Wednesday, 6 May 2009

JVCD [* * * * * *]


Jean Claude Van Damme's incredibly difficult to write about. For me. He's a hunk, an animal activist with a passion - he goes straight to the top of my list for droolworthy.

But his life's been a mess, as is his career. His personal life is screwy, been divorced 4 times, bitterly. He's got just the kind of male attitude I hate - over the top insensitive and colouring all it touches with a rough monochrome self-centered brush. Bipolar.

Sued several times and criticized as a fake action star (falsely - he's a fighter), he's been unable to shake off his french accent which has affected his career. The media hate him and his fans, like me, try as I might, can't find anything to prove he's wonderful inside. He's handled his life as poorly as any of us.

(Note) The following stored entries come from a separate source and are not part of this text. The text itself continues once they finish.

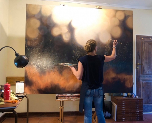 Nicole’s primary choice of medium is oil on canvas. Inspired by spirituality in nature, the beauty of her natural surroundings, birds, flora, fauna and emotional connections, she creates from a deep sense of calm. She focuses on movement, light, pattern, emotion, the interpretation of colour and flow of composition.
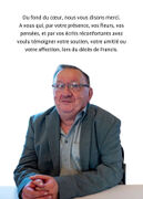 Dans ces moments difficiles que nous traversons suite au décès de mon cher papa, Francis AMEL, je tiens à exprimer ma profonde gratitude pour vos pensées, vos paroles réconfortantes, et vos marques d’affection. Vos condoléances et votre soutien ont été d’un grand réconfort pour notre famille
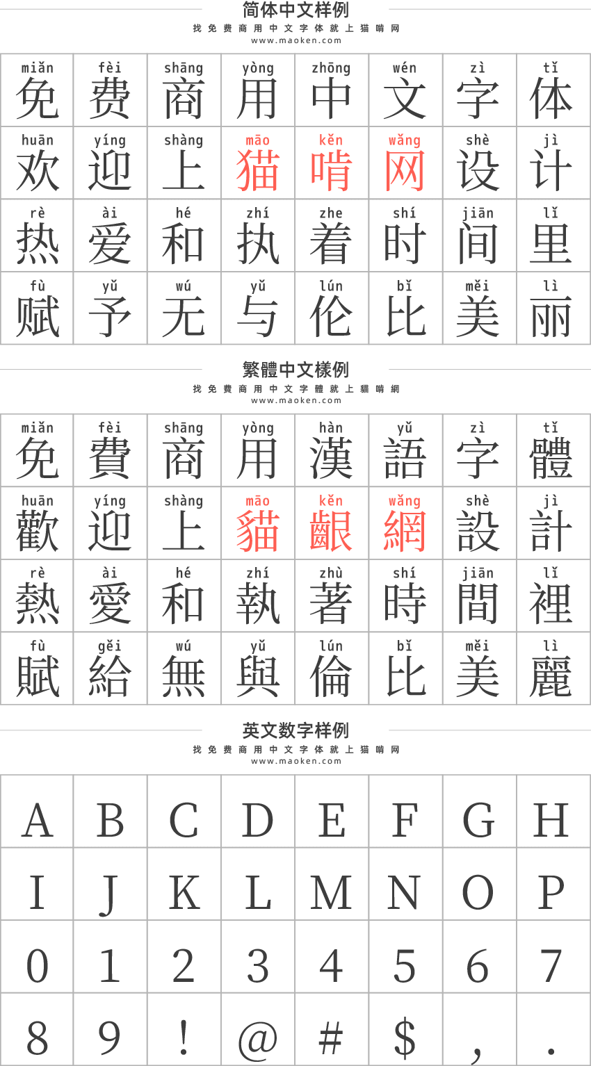 这款字体是依据SIL Open Font License 1.1授权协议免费公开,关于授权协议的内容、免责事项等细节,请查看详细的License授权文件的内容。
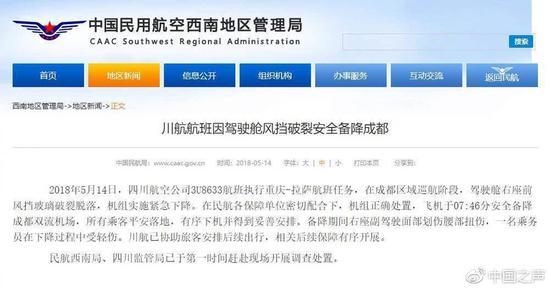 5月14号上午7:00多,川航由重庆飞拉萨的3U8633航班飞行途中挂出7700紧急情况代码,中途备降成都。之后,中国民航西南地区管理局在网站证实,3U8633航班在成都区域巡航阶段,驾驶舱右座前风挡玻璃破裂脱落,机组实施紧急下降。在民航各保障单位密切配合下,机组正确处置,飞机于07:46分安全备降成都双流机场,所有乘客平安落地,有序下机并得到妥善安排。备降期间右座副驾驶面部划伤腰部扭伤,一名乘务员在下降过程中受轻伤。受此影响,双流机场采取单跑到运行。

You'd think he couldn't make a bad movie until you see the junk he's acted in. Not just junk movies, but incredibly juvenile over-acting to go with the b-grade beef-flicks. I felt martyred to even have to watch them.;/

AND THEN ... he makes JVCD!! What a treat. A wonderful view into the world of a 47 yr old man.

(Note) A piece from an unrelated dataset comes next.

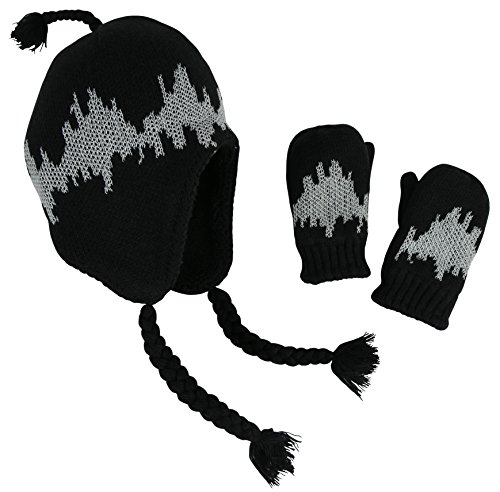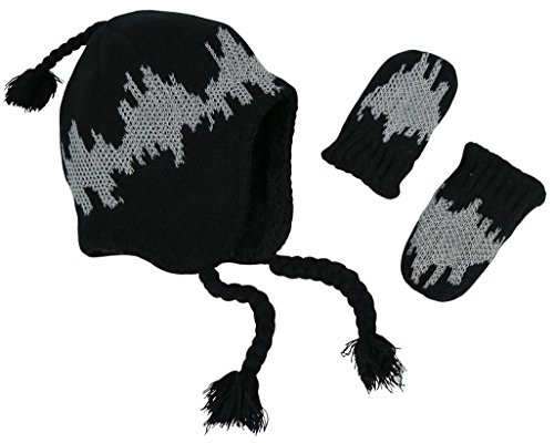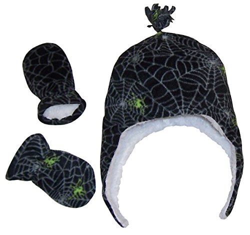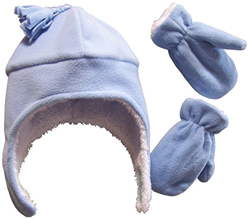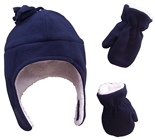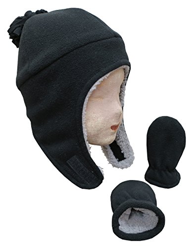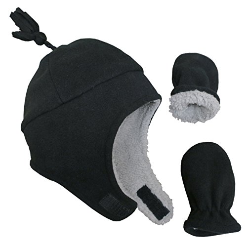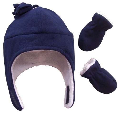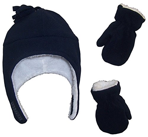 Binding : Apparel Product Description N'Ice Caps TM boys soft sherpa lined micro fleece pilot style hat and mitten set. Material is very soft for warmth and comfort. Product features include velcro chin strap on hat, hanging tassels, elastic on mitten wrist. 5 colors available: Black, navy, royal, charcoal grey, red, light blue. 4 sizes available: One size fits 3-6 months; one size fits 6-18 months; one size fits 2-3 years; one size fits 4-7 years. For infant sizes 3-6 months and 6-18 months, the mittens do not have thumbs. For larger sizes 2-3 years and 4-7 years, the mittens have thumbs. Not all colors available in all sizes. Tested and approved as per CPSIA standards. 0

The movie is autobiographical with some farce to bring out the elements. You see a larger-than-life star image juxtaposed on an ordinary man. JVCD comes at the end of Van Damme's emotional, financial, career struggles. Things have spiralled out of control so far that they're irretrievable. You see his world from his eyes: his inability to break into Hollywood, his court battles, the media, the uncomprehending fans, his financial ruin; and his helplessness to change anything but his own perception of events.

In the movie he walks into a bank robbery. They force him to pretend that he's taken the bank hostage. He's as helpless as any victim against their guns, kickboxing is just useful entertainment for the real bad guys.

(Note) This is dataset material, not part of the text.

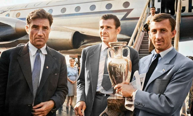 Гравці збірної СРСР Андрій Старостін, Лев Яшин та Ігор Нетто з Кубком Європи, 1960 рік.

His parents are called by the police to appeal to him. You can see how shattered he is when he realises his parents believed him capable of such a thing, when they should know him better. How many of us have gone through this ... it's as traumatic as any other event in one's life.

He's starkly honest in an emotionally exhausted monologue that almost reduced him, and me, to tears.

The whole movie is superb, showcasing his range as an actor for the first time, in a very cynical and tired tarantino-style of movie-making. The sepia colours are perfectly middle-aged for a 47 yr old view of life. This is how we all look back at our lives. It's a one-way street of chain-reactions, as unstoppable as nuclear fission in a star.